(Given information begins)

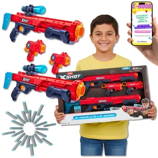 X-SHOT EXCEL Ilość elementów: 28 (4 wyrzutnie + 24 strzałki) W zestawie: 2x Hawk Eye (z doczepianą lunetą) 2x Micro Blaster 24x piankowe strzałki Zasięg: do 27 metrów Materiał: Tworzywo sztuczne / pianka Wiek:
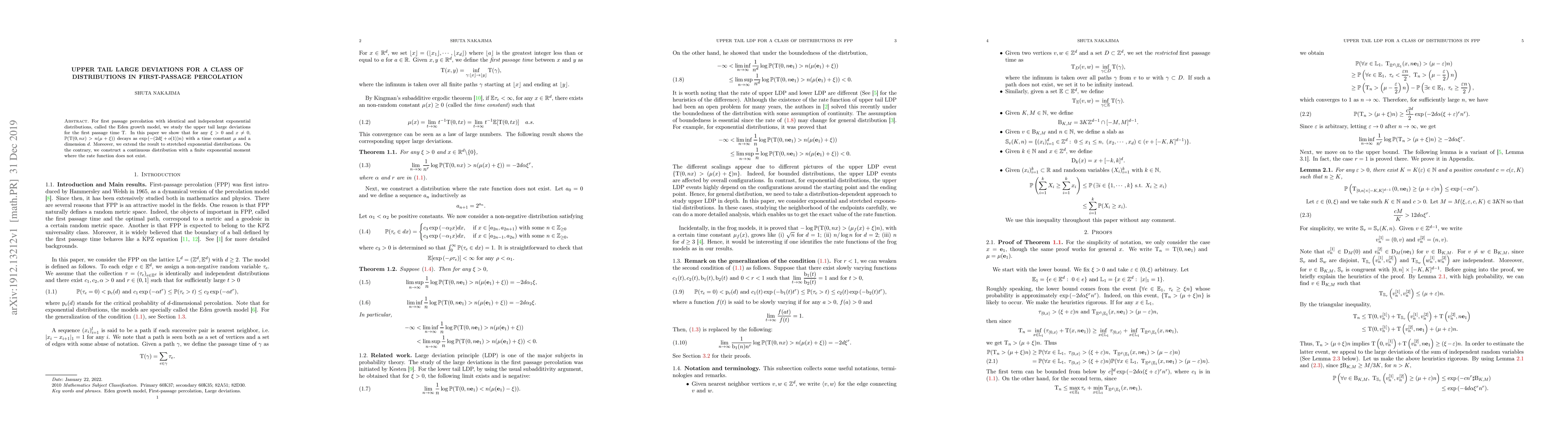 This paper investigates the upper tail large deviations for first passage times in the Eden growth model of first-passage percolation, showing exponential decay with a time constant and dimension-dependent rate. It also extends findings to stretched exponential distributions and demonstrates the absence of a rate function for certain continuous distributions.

(Given information ends)
(Given information begins)

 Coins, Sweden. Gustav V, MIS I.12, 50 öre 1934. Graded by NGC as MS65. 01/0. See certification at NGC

(Given information ends)

Your objective:
Copy out the listing above from the line containing "X-SHOT EXCEL Ilość" to the line containing "This paper investigates", both included, exactly as written and minus the images.

Answer section:
 X-SHOT EXCEL Ilość elementów: 28 (4 wyrzutnie + 24 strzałki) W zestawie: 2x Hawk Eye (z doczepianą lunetą) 2x Micro Blaster 24x piankowe strzałki Zasięg: do 27 metrów Materiał: Tworzywo sztuczne / pianka Wiek:
 This paper investigates the upper tail large deviations for first passage times in the Eden growth model of first-passage percolation, showing exponential decay with a time constant and dimension-dependent rate. It also extends findings to stretched exponential distributions and demonstrates the absence of a rate function for certain continuous distributions.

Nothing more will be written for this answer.